During the printer setup/validation, CUPS will authenticate to the target printer using its Local auth scheme. An attacker listening on localhost can then reply with 401 Unauthorized and WWW-Authenticate: Local trc="y", mirroring the “try root certificate” auth option that CUPS itself would normally use for privileged localhost auth. CUPS then uses certs/0 (“cert” here is really a “token”) and presents the admin token (Authorization: Local ...) to the attacker. Finally, cupsd accepts the replayed Authorization: Local ... token on loopback:

strlcpy(auth_key, ", Local trc=\"y\"", auth_size);
snprintf(filename, sizeof(filename), "%s/certs/0", cg->cups_statedir);
else if (!strncmp(authorization, "Local", 5) &&
    httpAddrLocalhost(httpGetAddress(con->http))) {
...
    cupsdLogClient(con, CUPSD_LOG_DEBUG, "Authorized as %s using Local.", username);

That token is enough to issue /admin/ requests on localhost. Normally, CUPS does have a guardrail here: file: device URIs are supposed to be blocked unless FileDevice is explicitly enabled.
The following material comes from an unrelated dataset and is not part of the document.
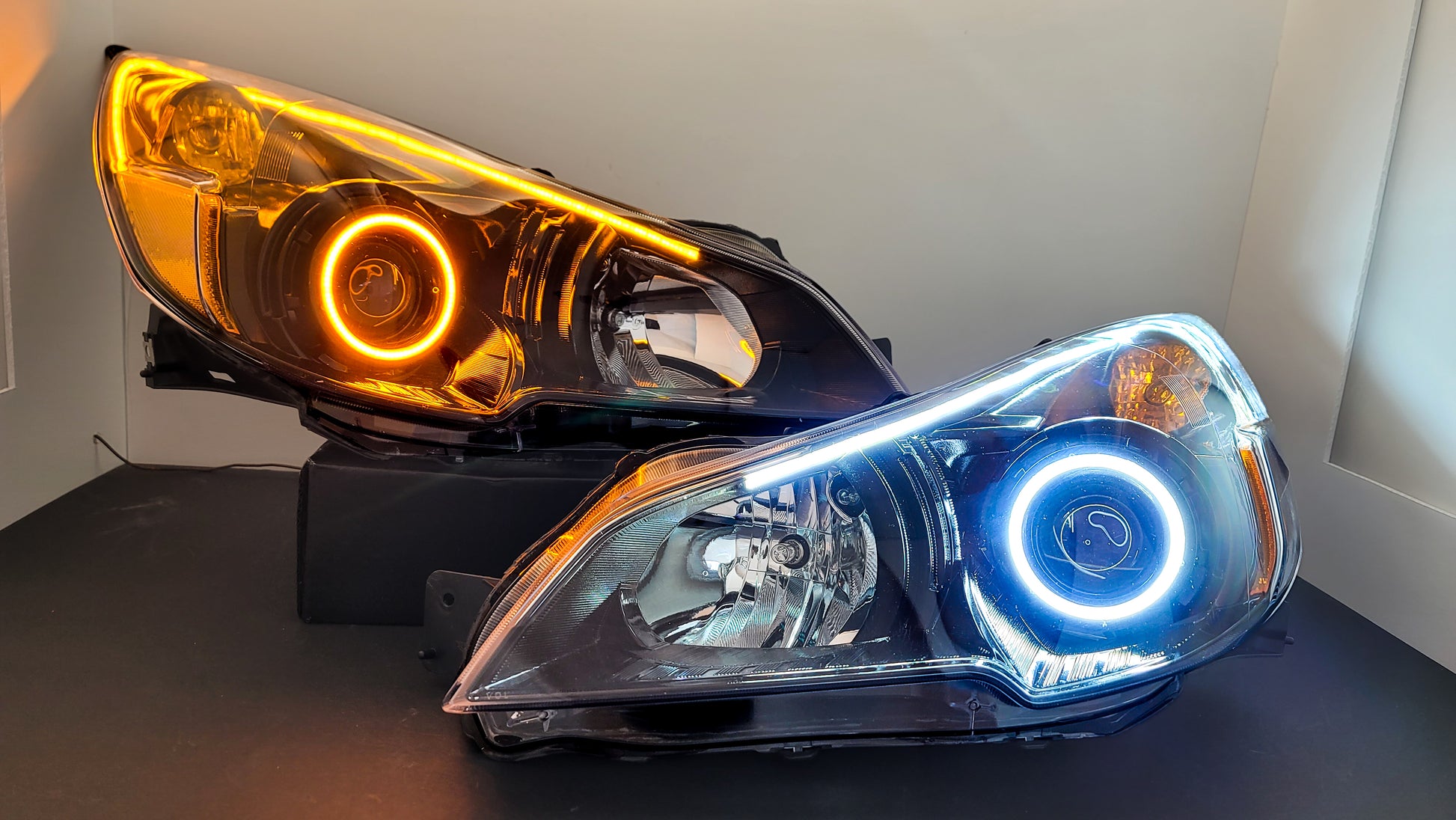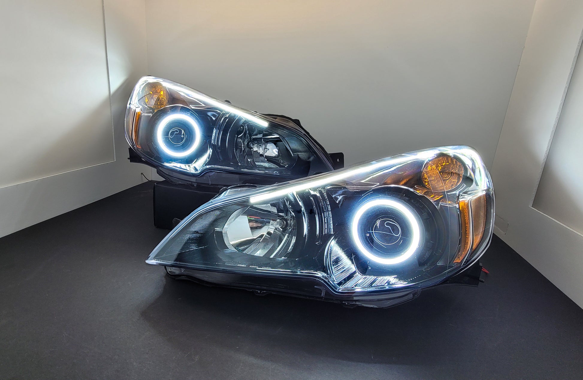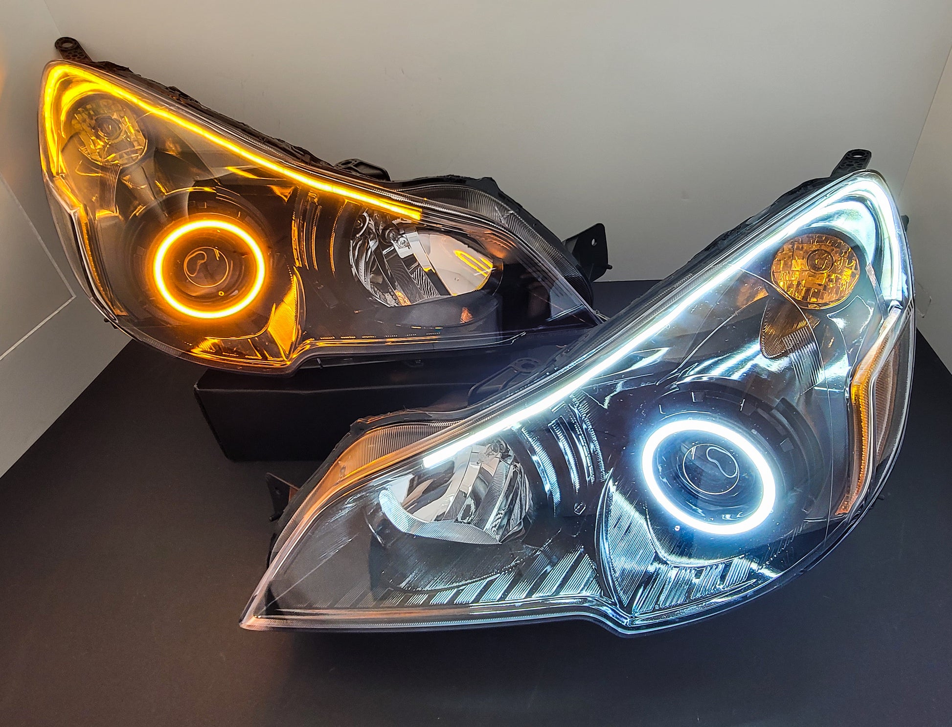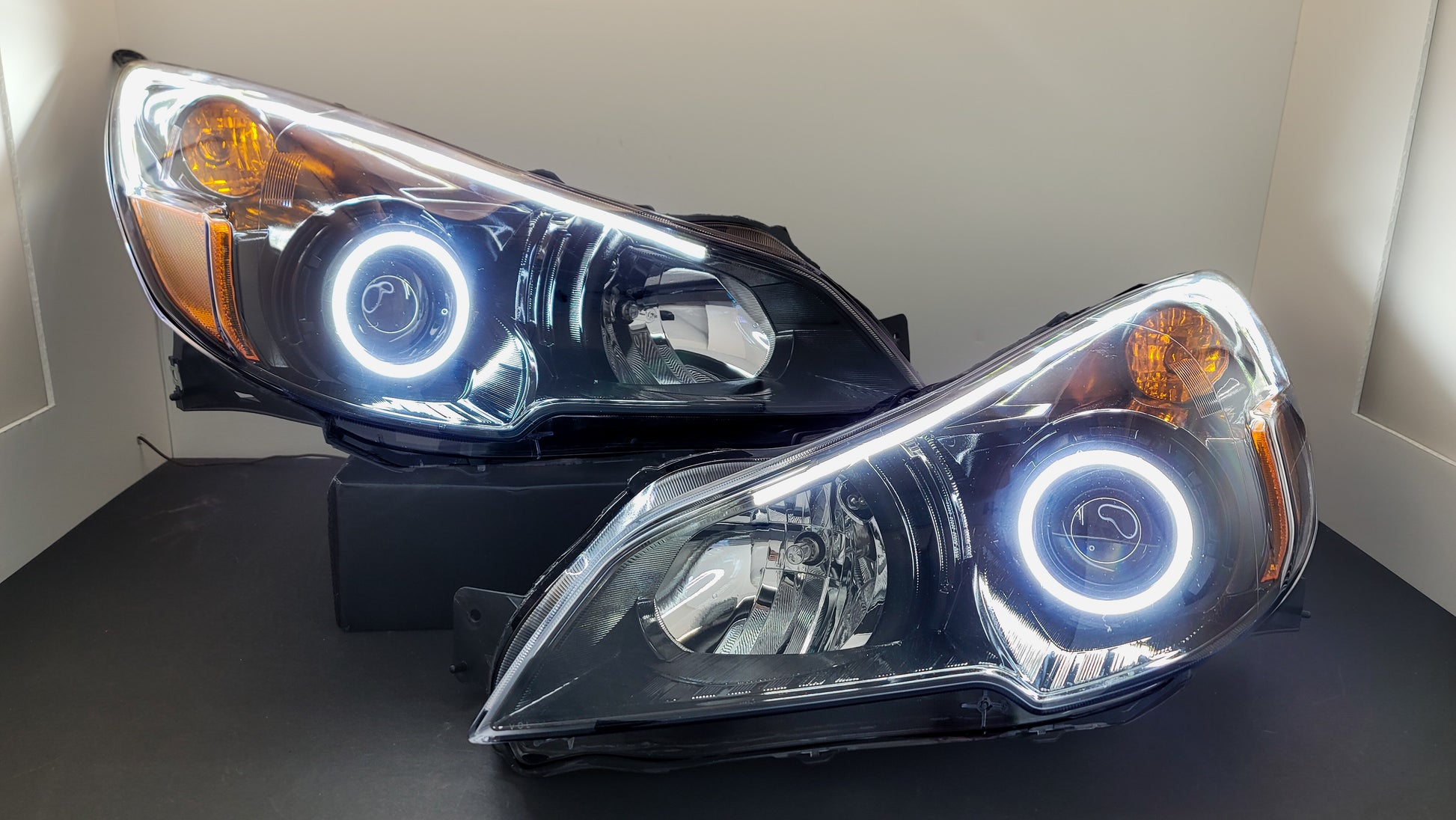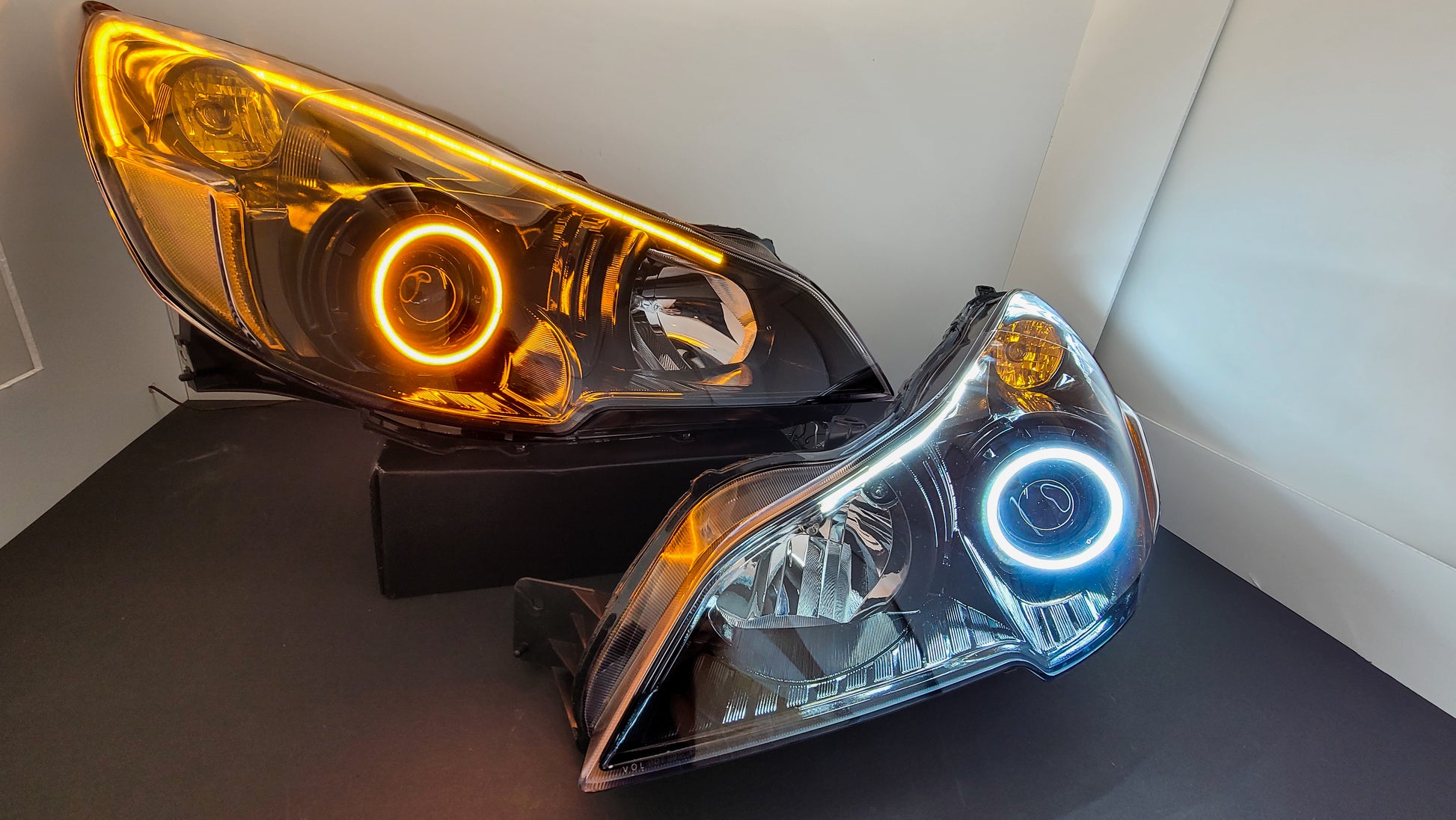 Custom retrofitted headlights for Subaru Legacy/Outback models.

However, the temporary printer path stores the URI first and later lets printer-is-shared=true clear the temporary flag without revalidating the URI:

printer->shared = ippGetBoolean(attr, 0);
if (printer->shared && printer->temporary)
  printer->temporary = 0;

So, the attacker now needs to just create a second, temporary local queue (pointed at file:///<target>) and immediately use the stolen token to set printer-is-shared=true so that the queue is persisted. This is racy as background setup/validation can remove the printer. However, once the race is won (single-digit attempts have sufficed in my testing), printing to it is just a root file (over)write on whatever file:///... path the attacker chose:

else if (!strncmp(job->printer->device_uri, "file:///", 8))
  job->print_pipes[1] = open(job->printer->device_uri + 7,
                             O_WRONLY | O_CREAT | O_TRUNC, 0600);

At this point, the target can be /etc/sudoers.d/pwn. Note: open(..., 0600) sets 0600 on new files, but existing files’ bits – e.g., exec – would be preserved.

PostScript
#

I will eventually cover the self-orchestrating setup – with its strengths and limitations – in a dedicated post but it’s worth calling out immediately how this chain showcases LLMs’ prowess in vulnerability research.

You may not vibe-discover the whole chain with a single “find me a remote RCE to root, make no mistakes” prompt. But tasking them with a) a search for a remote code exec as anything and b) anything -> a useful root primitive allows the agents to greatly narrow the search space and not burn as many tokens.

At that point, their relentlessness is unleashed in very tight directions, finding all the low-hanging fruit much quicker – something they are now very good at doing.